Predicate Device: "indicated for the temporary relief of minor muscle aches and pains and for temporary increase in circulation to the treated areas in people who are in good health. The Rapid Reboot Compression Therapy System simulates kneading and stroking of tissues by using an inflatable garment."

Reported as "Identical." |
| Technological Characteristics | Key technological characteristics (operation mode, pressure range, cuffs, etc.) should not raise new questions of safety or effectiveness compared to the predicate. | Operation Mode: 5 modes (SEQUENTIAL, ADDITION, MASSAGE) vs. 2 (Sequential, Peristaltic). Massage mode of subject device is a combination of SEQUENTIAL and Addition modes, which are similar to predicate modes.
Pressure Range: 60-150 mmHg vs. 0-200 mmHg. Subject device has a smaller pressure range.
Number of Inflatable Appliance Segments: 6 or less for leg/arm, 5 or less for hip vs. 4. Subject device has more segments.
Sleeve and Chamber: Leg: 6-chambers, Arm: 6-chambers, Hip: 5-chambers vs. Leg: 4-chambers, Arm: 4-chambers, Hip: 4-chambers. Subject device has more chambers.
Power Source(s): 15 VDC via IEC 60601-1 compliant power supply (100-240 VAC input), Optional integrated rechargeable battery vs. 110VAC, 60Hz. Minor difference.
Weight: 2 kg including battery vs. 2.63 kg (5.8 pounds). Minor difference.
Dimensions: 114 x 141 x 245 mm vs. 25.4 x 16.51 x 12.7 cm (10" x 6.5" x 5"). Minor difference.
Treatment Time: User can select 10, 20, and 30 minutes vs. User determines therapy time, choose from 10, 20, or 30 minute session time, with option to add additional 10 minutes. Reported as "Identical."
Anatomical site: Identical.
Prescriptive or OTC: Identical (OTC).
Environment of Use: Identical. |

2. Sample size used for the test set and the data provenance

The document explicitly states: "No clinical testing was performed." Therefore, there is no test set in the sense of a clinical trial or a dataset of patient cases. The evaluation relies entirely on non-clinical testing for standards compliance and a comparison of technical specifications to a predicate device.

3. Number of experts used to establish the ground truth for the test set and the qualifications of those experts

Not applicable as no clinical testing or test set involving expert ground truth existed.

4. Adjudication method (e.g. 2+1, 3+1, none) for the test set

Not applicable as no clinical testing or test set involving expert ground truth existed.

5. If a multi reader multi case (MRMC) comparative effectiveness study was done, If so, what was the effect size of how much human readers improve with AI vs without AI assistance

Not applicable. The device is a physical therapeutic device (powered inflatable tube massager), not an AI-based diagnostic or imaging interpretation system. No MRMC study was conducted.

6. If a standalone (i.e. algorithm only without human-in-the-loop performance) was done

Not applicable. The device is a physical therapeutic device, not an algorithm, and does not operate in a standalone algorithmic capacity as would be understood in the context of AI or diagnostic software.

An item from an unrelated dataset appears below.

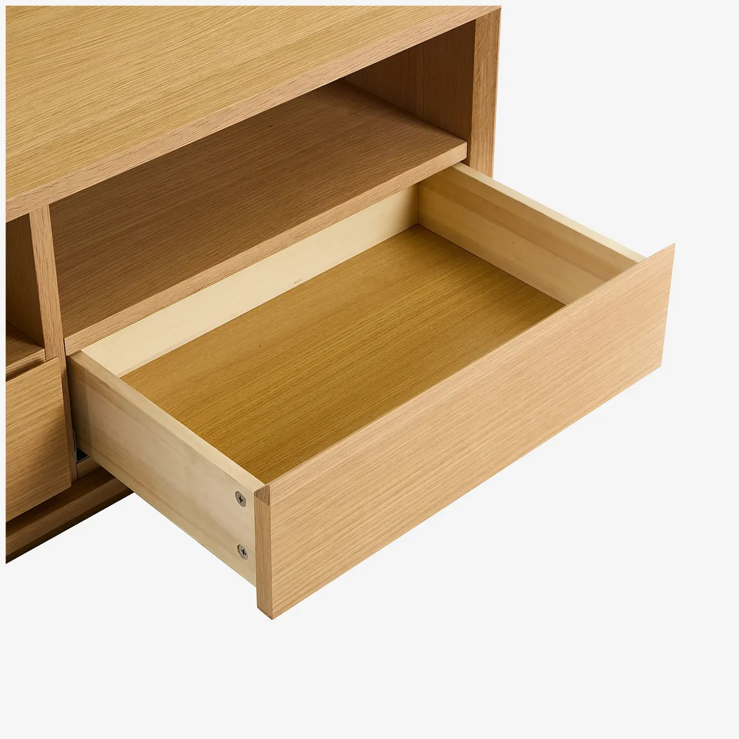 Ses deux tiroirs offrent un rangement idéal pour un rendu ordonné. Les différents espaces ouverts permettent d’y exposer de la décoration tout en gardant un plateau dégagé.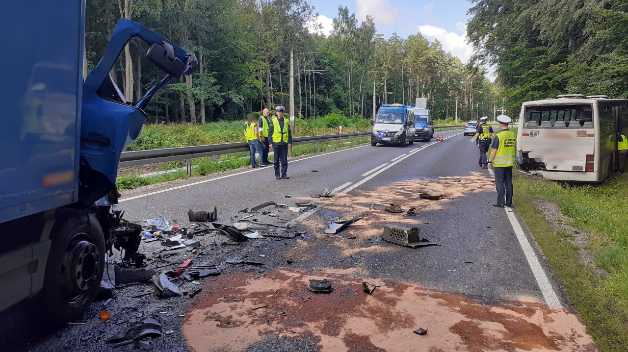 Samochód ciężarowy uderzył w tył autobusu z pasażerami na krajowej „jedenastce”, w okolicach Kołobrzegu. Kierujący solówką był pijany – miał 2 promile alkoholu w wydychanym powietrzu. Na miejscu wypadku byli funkcjonariusze zachodniopomorskiej Inspekcji Transportu Drogowego.

7. The type of ground truth used (expert consensus, pathology, outcomes data, etc.)

Not applicable. For this type of device (a massager), ground truth related to diagnostic accuracy is irrelevant. The "ground truth" for its safety and claimed physiological effects (e.g., temporary increase in blood circulation) would typically come from well-controlled clinical studies demonstrating these effects, but the document states "No clinical testing was performed." Instead, compliance with safety and performance standards and substantial equivalence to a predicate device with established safety and efficacy (for its limited indications) forms the basis of its clearance.

8. The sample size for the training set

Not applicable. The device is a physical therapeutic device, not a machine learning model, so there is no "training set."

9. How the ground truth for the training set was established

Not applicable for the reason stated above.